* **EXERCISE BRIEF**
After locating the line that contains "T字型フォルムが特徴の「淫紋" in the data below, set down exactly that line and each one after it through the line that contains "Стол из эпоксидной", and nothing more.

* **PROVIDED INFORMATION**

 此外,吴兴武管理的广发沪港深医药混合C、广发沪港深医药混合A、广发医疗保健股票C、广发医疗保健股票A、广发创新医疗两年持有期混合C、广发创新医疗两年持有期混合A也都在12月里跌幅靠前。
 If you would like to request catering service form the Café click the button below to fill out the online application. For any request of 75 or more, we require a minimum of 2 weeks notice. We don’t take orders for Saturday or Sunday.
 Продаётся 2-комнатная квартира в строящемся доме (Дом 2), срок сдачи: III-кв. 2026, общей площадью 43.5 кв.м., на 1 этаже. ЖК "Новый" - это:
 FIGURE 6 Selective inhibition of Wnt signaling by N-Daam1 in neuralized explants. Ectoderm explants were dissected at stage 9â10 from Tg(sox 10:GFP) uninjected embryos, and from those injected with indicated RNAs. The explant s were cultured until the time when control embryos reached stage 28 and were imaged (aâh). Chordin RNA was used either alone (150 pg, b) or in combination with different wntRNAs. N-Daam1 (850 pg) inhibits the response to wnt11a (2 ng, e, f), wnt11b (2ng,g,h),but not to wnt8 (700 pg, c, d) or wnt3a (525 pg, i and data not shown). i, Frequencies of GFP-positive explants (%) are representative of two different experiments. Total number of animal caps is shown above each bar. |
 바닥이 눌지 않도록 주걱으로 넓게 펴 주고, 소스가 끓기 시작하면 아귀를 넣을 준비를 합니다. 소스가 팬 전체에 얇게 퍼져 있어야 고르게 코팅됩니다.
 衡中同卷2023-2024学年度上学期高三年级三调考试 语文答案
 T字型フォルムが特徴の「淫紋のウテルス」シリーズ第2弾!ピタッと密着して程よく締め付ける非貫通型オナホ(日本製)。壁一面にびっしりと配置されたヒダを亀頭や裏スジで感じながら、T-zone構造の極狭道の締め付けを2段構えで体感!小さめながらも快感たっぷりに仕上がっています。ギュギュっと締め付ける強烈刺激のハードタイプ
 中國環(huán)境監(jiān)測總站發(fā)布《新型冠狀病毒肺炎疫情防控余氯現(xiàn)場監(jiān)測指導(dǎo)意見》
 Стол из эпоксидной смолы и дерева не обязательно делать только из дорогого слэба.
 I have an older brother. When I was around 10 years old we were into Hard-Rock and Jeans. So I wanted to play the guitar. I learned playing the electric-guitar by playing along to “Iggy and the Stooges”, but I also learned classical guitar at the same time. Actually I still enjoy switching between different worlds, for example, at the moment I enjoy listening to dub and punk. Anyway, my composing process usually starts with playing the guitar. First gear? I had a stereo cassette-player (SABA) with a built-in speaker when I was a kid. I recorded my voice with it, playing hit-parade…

--

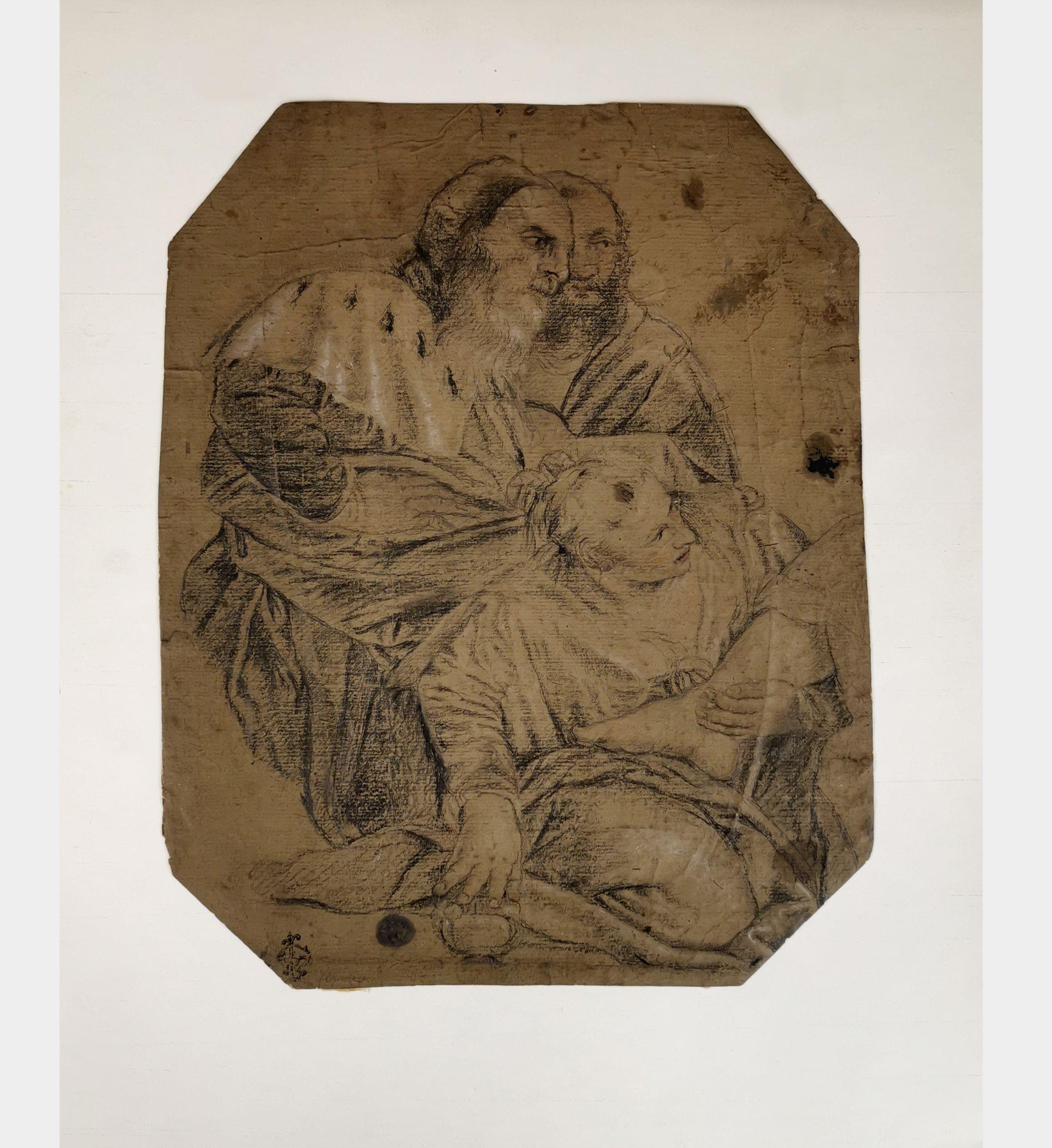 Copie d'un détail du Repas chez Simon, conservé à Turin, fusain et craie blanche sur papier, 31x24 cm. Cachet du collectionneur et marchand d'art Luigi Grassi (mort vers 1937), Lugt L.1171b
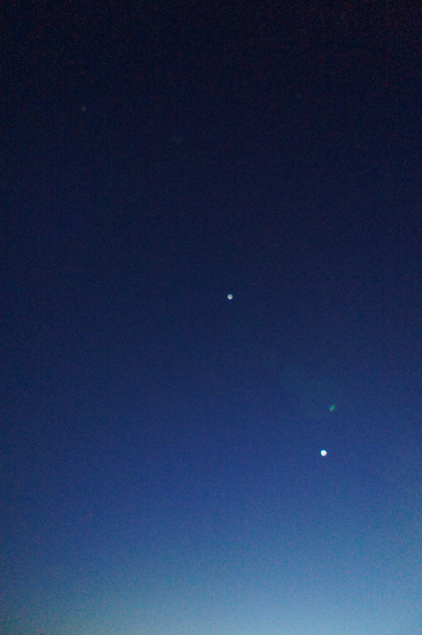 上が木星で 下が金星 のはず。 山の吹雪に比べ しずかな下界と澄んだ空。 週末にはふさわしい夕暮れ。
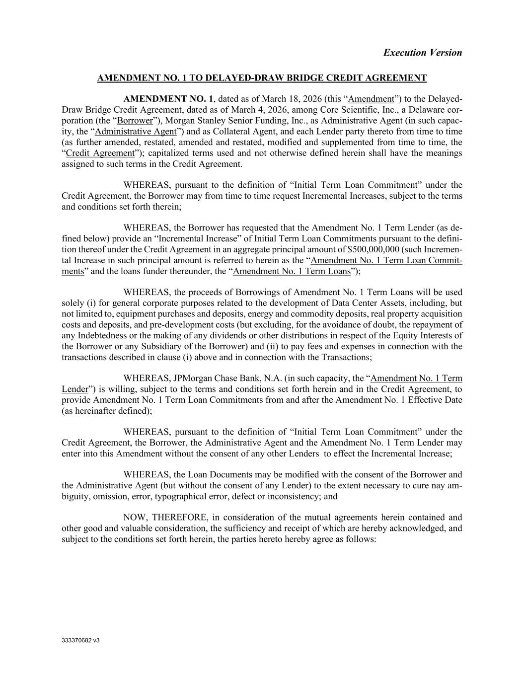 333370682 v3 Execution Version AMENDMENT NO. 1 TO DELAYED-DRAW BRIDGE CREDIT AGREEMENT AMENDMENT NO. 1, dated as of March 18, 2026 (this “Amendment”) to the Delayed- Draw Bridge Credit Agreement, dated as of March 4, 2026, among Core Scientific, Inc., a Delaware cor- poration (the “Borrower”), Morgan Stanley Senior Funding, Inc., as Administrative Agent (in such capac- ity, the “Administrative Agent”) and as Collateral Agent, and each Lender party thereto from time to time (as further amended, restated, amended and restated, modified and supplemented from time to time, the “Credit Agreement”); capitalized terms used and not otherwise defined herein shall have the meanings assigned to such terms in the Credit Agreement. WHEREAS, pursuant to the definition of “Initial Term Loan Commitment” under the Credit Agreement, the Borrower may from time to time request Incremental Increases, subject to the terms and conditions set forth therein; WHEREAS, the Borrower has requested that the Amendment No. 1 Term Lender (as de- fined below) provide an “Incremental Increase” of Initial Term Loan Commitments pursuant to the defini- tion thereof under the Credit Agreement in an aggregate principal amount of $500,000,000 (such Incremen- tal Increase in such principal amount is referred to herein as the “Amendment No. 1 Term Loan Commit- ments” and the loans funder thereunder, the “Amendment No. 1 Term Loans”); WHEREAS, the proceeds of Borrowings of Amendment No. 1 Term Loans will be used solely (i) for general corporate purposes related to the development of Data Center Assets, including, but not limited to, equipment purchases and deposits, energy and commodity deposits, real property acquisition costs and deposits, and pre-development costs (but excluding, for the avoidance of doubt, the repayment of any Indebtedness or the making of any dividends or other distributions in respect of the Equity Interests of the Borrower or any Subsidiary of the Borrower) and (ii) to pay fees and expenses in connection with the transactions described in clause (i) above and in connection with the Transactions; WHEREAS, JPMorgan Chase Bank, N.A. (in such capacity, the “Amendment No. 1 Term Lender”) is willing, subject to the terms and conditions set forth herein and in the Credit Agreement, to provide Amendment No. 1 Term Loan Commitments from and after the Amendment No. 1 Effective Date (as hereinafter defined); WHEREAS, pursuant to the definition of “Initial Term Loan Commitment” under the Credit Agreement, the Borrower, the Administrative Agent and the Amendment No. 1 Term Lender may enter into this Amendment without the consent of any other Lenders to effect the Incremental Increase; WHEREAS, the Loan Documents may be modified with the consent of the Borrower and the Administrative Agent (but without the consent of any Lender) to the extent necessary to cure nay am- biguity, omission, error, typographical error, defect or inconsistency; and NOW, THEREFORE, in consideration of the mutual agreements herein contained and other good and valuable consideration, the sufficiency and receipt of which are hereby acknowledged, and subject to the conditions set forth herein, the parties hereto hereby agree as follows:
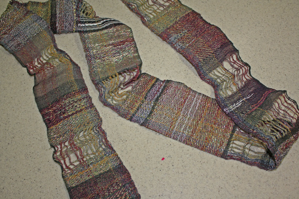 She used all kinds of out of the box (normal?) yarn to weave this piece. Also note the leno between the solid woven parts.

* **SOLUTION BELOW**
 T字型フォルムが特徴の「淫紋のウテルス」シリーズ第2弾!ピタッと密着して程よく締め付ける非貫通型オナホ(日本製)。壁一面にびっしりと配置されたヒダを亀頭や裏スジで感じながら、T-zone構造の極狭道の締め付けを2段構えで体感!小さめながらも快感たっぷりに仕上がっています。ギュギュっと締め付ける強烈刺激のハードタイプ
 中國環(huán)境監(jiān)測總站發(fā)布《新型冠狀病毒肺炎疫情防控余氯現(xiàn)場監(jiān)測指導(dǎo)意見》
 Стол из эпоксидной смолы и дерева не обязательно делать только из дорогого слэба.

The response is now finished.